Description
Prepare a week’s worth of spicy, protein-packed chicken meals. This recipe is simple and perfect for meal prepping.
Ingredients
- 2 lbs Chicken Breast, cut into cubes
- 2 tbsp Olive Oil
- 1 tbsp Chili Powder
- 1 tbsp Paprika
- 1 tsp Garlic Powder
- 1 tsp Onion Powder
- 1/2 tsp Cayenne Pepper (adjust to your spice preference)
- Salt and Pepper to taste
- 1 cup Cooked Brown Rice per serving
- 1/2 cup Black Beans per serving
- 1/4 cup Corn per serving
- Optional: Avocado slices, Cilantro for garnish
Instructions
- Preheat oven to 400°F (200°C).
- In a large bowl, toss chicken cubes with olive oil, chili powder, paprika, garlic powder, onion powder, cayenne pepper, salt, and pepper. Ensure chicken is evenly coated.
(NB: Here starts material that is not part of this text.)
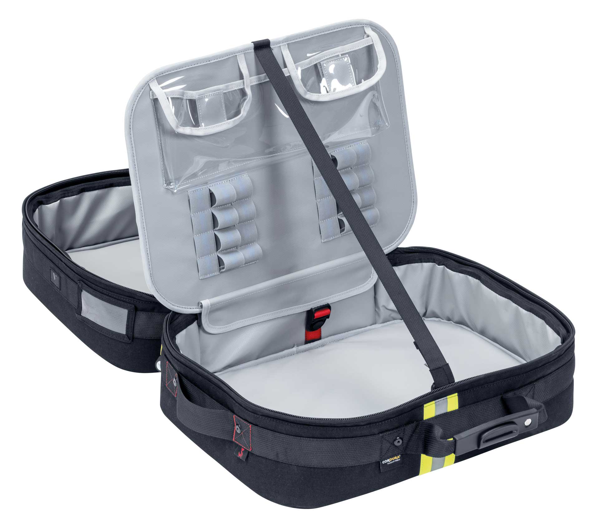 In diesem gefüllten Notfallrucksack sind 6 Containermodule für die Unterbringung der Ausstattung im Lieferumfang enthalten. Die oberseitige Öffnung der Container- und Systemmodule ermöglichen eine Materialentnahme aus dem Modul heraus.

- Spread chicken in a single layer on a baking sheet.
- Bake for 15-20 minutes, or until chicken is cooked through and no longer pink inside.
- While chicken is baking, prepare brown rice, black beans, and corn according to package instructions or your preferred method.
- Divide cooked brown rice, black beans, and corn evenly into meal prep containers.
- Add cooked chicken to each container.
- Allow to cool completely before sealing and refrigerating.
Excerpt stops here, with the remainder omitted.